April 12, 2000 (Tampa) -- Whatever causes your heart muscle to weaken and fail also predicts how long you will live, according to a recent study. And if doctors can predict who will live longer, they will be better able to determine who among those waiting for a heart transplant needs a heart the most.
"For years, patients with unexplained heart failure have been lumped together with the nonspecific diagnosis of 'cardiomyopathy,'" researcher Ralph H. Hruban, MD, professor of pathology at Johns Hopkins University in Baltimore, tells WebMD. But patients with this diagnosis had widely varying survival rates.
A study of more than 1,000 patients at Johns Hopkins Hospital found that the underlying cause of heart muscle disease causing failure helps predict how long patients will live. The study was reported in the April 13 issue of The New England Journal of Medicine.
"This study helps us ... to make end-of-life decisions, and to determine the need to transplant and when," researcher Edward K. Kasper, MD, tells WebMD. He is associate professor of medicine and director of the cardiomyopathy and heart transplant service at Johns Hopkins. "If the patient has a type of cardiomyopathy associated with [poor survival], I would counsel them to get their affairs in order, and [they] might also be more likely candidates for transplant."
The study showed that five years after diagnosis, three-quarters of these patients with heart failure caused by unknown reasons were still alive, as were three-quarters of patients with heart failure caused by lack of oxygen to the heart muscle. The majority of patients with heart failure related to pregnancy were still alive five years after diagnosis.

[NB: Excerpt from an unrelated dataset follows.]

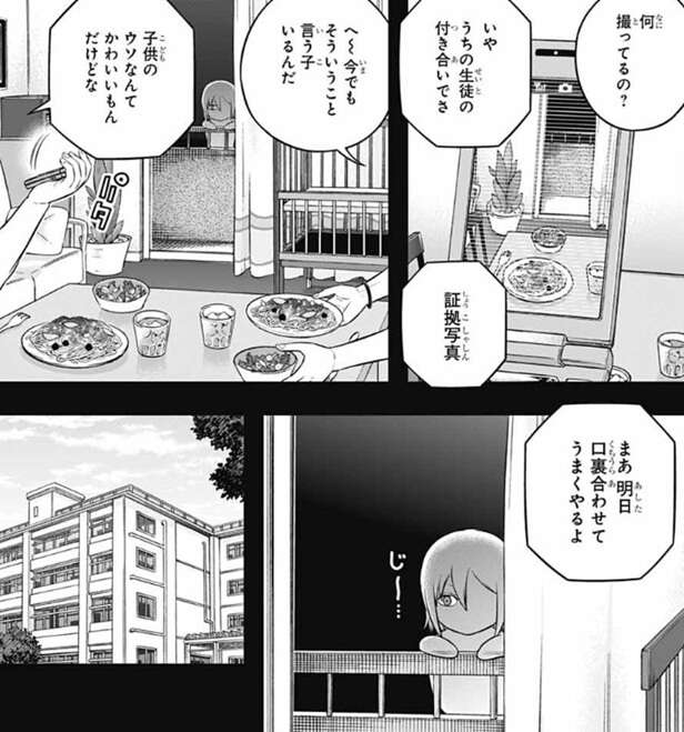 そして、先生は8時に晩ごはんを写メで撮りますが、先生も相手の女性も志岐がウソを言っていると思っています。先生は、明日口裏合わせてうまくやるよ、と軽口を叩いていますが、この部屋は1階なのでベランダには幽体離脱した志岐がいて、先生と女性が晩ごはんを食べている所をじーッと見ていました。

Patients with poor survival rates included those who had heart failure as a result of HIV, heart infections, or undergoing chemotherapy. Less than half of these patients were still alive after five years.
"This exciting study [shows] that a heart biopsy, which is safe at specialized centers such as Johns Hopkins, can help classify patients with cardiomyopathy into clinically important groups," Hruban tells WebMD. Even after biopsy, or surgical removal and microscopic examination of a small piece of heart muscle, no definite diagnosis could be made in half the patients.
The study did not examine the effect of heart function when the patient was first seen, nor of drugs or other treatments given, so "we can't conclude definitively that it was diagnosis [alone] that determined survival," Michael M. Givertz, MD, tells WebMD when asked to review the study. He is clinical director of the cardiomyopathy program at Boston University.
The researchers looked at survival between 1982 and1997 and found no significant improvement with time. "If you look at this study, as well as at community-based [studies such as from the] Mayo Clinic, we have not seen improvement in survival with time," says Givertz. Medications called "ACE-inhibitors and other medical therapies have been available for more than 10 years, and heart transplant for more than 30 years, yet this has not translated into improved survival.
"We have good therapies, but they tend to be underutilized in the community," says Givertz. "There is a need for education among primary care physicians as well as cardiologists. We could all be more aggressive in the vigorous evaluation, treatment, and follow-up of heart failure, including medical and nonmedical therapies such as diet and exercise. ... These nonmedical therapies may be especially important in ... improving quality of life."
Suggestions for improving your diet and developing an exercise program to decrease the risk of heart disease and improve quality of life in heart failure can be found at the American Heart Association's web site.
- Heart failure occurs when the heart muscle doesn't pump as well as it should, and all cases are often lumped together and diagnosed as cardiomyopathy.
- New research shows, however, that the underlying cause of cardiomyopathy can be important because it helps predict how long a person with the disease will live.
- A biopsy of the heart can help determine the cause of cardiomyopathy, but in some patients no definite diagnosis can ever be made.